Dan, puncak dari semua kerjasama alutsista itu adalah dinantikannya proyek prestisius pembuatan 3 kapal selam dalam waktu dekat ini.  Kunjungan Menhan Korsel ke Jakarta 8 September lalu menyiratkan upaya kuat negeri itu memenangkan pertarungan tender melawan Turki.  Nah kalau mau didolarkan nilai kerjasama proyek alutsista RI termasuk dengan pola berbagi ilmu tadi Korsel setidaknya akan mendulang  US$ 3,8 milyar.  Rinciannya US$ 2 milyar untuk proyek jet tempur KFX, US$ 1,2 milyar untuk proyek kapal selam, US$ 400 juta untuk proyek jet latih tempur T-50, sisanya proyek tank IFV K21, proyek panser anoa tarantula dan upgrade kapal selam KRI Nanggala.

Kedekatan hubungan Korina (Korea_Indonesia) tidak hanya belaku pada sektor alutsista.
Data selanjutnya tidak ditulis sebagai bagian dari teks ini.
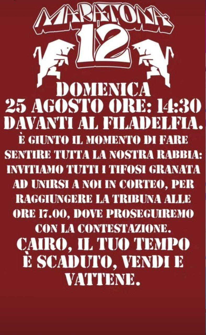 I commenti sui social sono per lo più irripetibili, ma oltre alle proteste e alle contestazioni “virtuali” i tifosi si stanno organizzando anche per atti concreti. La tifoseria organizzata “Maratona 12” per domenica, in occasione della gara con l’Atalanta, ha chiamato a raccolta tutti alle 14,30 davanti al Filadelfia: “E’ giunto il momento di fare sentire tutta la nostra rabbia invitiamo tutti i tifosi granata ad unirsi a noi in corteo, per raggiungere la tribuna alle ore 17, dove proseguiremo con la contestazione.
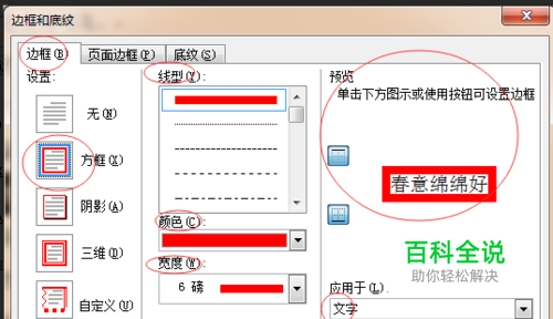 在弹出的“边框和底纹”里,在边框这里根据自己的需要设置,设置的结果可以在“预览”这里看到效果。
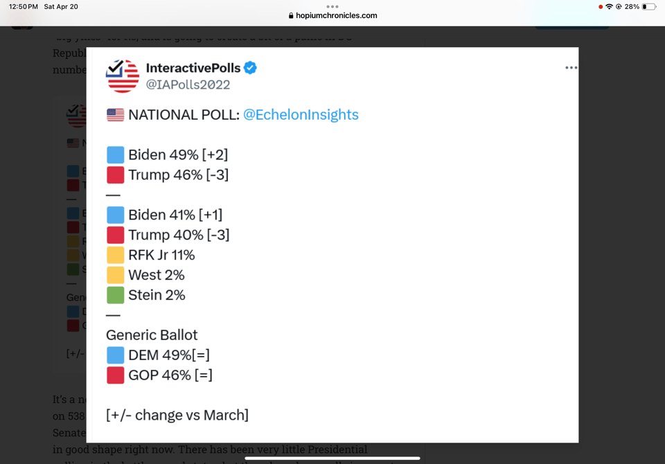 Yesterday, Echelon, a respected Republican pollster, released a poll showing Biden up 3, 49-46, and the Congressional Generic was also +3 Dem. Trump led in this poll by 4 points in February. This poll is a “big yikes” for Rs, and is going to create a bit of a panic in DC Republican circles, as are some of the early first quarter fundraising numbers we get into below.
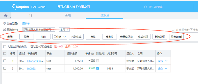 还款单的其它操作包括两大类,一类是在序时簿上,另一类是在单据上。

Barang-barang produk Korsel mulai dari otomotif sampai dengan gadget sudah begitu kita kenal dan pergunakan.  Kedekatan lain yang mampu mengikat kedekatan emosional adalah hadirnya beragam jenis sinetron Korea di layar kaca TV kita.  Sinetron dari negeri ginseng ini saat ini begitu melekat dimata pemirsa.  Hebohnya lagi ada satu stasiun TV nasional Indosiar yang menayangkan beragam jenis sinetron Korsel dari pagi sampai sore, mestinya namanya ditukar saja dari Indosiar menadi Indorea.  Tak ketinggalan jua  kiblat model dan gaya group penyanyi kita ya prianya ya wanitanya mengikuti banget gaya artis Korsel.  Ini adalah sebuah fenomena yang jarang terjadi, ada kerjasama militer yang begitu dekat, ada kerjasama ekonomi yang sudah akrab, ada pula ”kerjasama” kedekatan emosional dalam dunia hiburan.  Siapa yang tak kenal dengan nama-nama artis Korea yang setiap hari berkunjung via media TV untuk kemudian pemirsa kita terbawa dalam dinamika emosi jalan cerita sinetron.
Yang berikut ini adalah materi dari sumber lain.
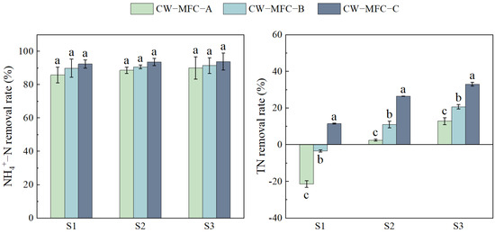 NH4+−N and TN contents in the effluent of different CW-MFC system configurations. Different lowercase letters indicate significant differences between the treatments (p < 0.05).
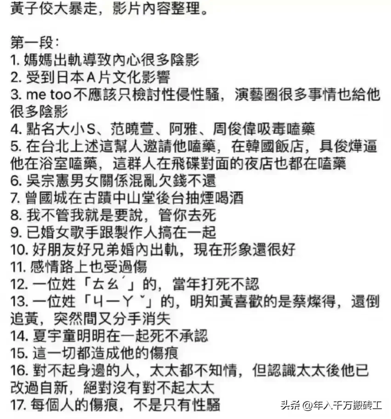 黄子佼不仅自曝了他自己的丑闻,同时也犹如一把火,点燃了整个娱乐圈的乱象。
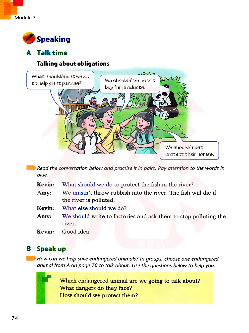 我们可以怎样帮助拯救濒临动物。以小组为单位,在第70页的练习A中选一种濒临动物进行讨论。用下面的问题来帮助你。

Suka tidak suka itulah yang terjadi saat ini.  Budaya Korsel memang banyak persamaan dengan Indonesia, menghargai tata krama, tidak arogan, hubungan antar negara dan rakyatnya dibangun dalam konsep kesetaraan. Tenaga kerja Indonesia banyak yang bekerja di Korsel dengan perjanjian kerja yang menghargai konsep kemitraan.  Kedekatan hubungan dengan Korsel itu malah melebihi kedekatan hubungan kita dengan negara serumpun Malaysia. Jadi tak salah kalau kita menyebut kedekatan dan kemesraan hubungan Korina ini seperti motto iklan sebuah perusahaan telekomunikasi : begitu dekat, begitu nyata.  Atau, walau jauh di mata namun dekat di hati.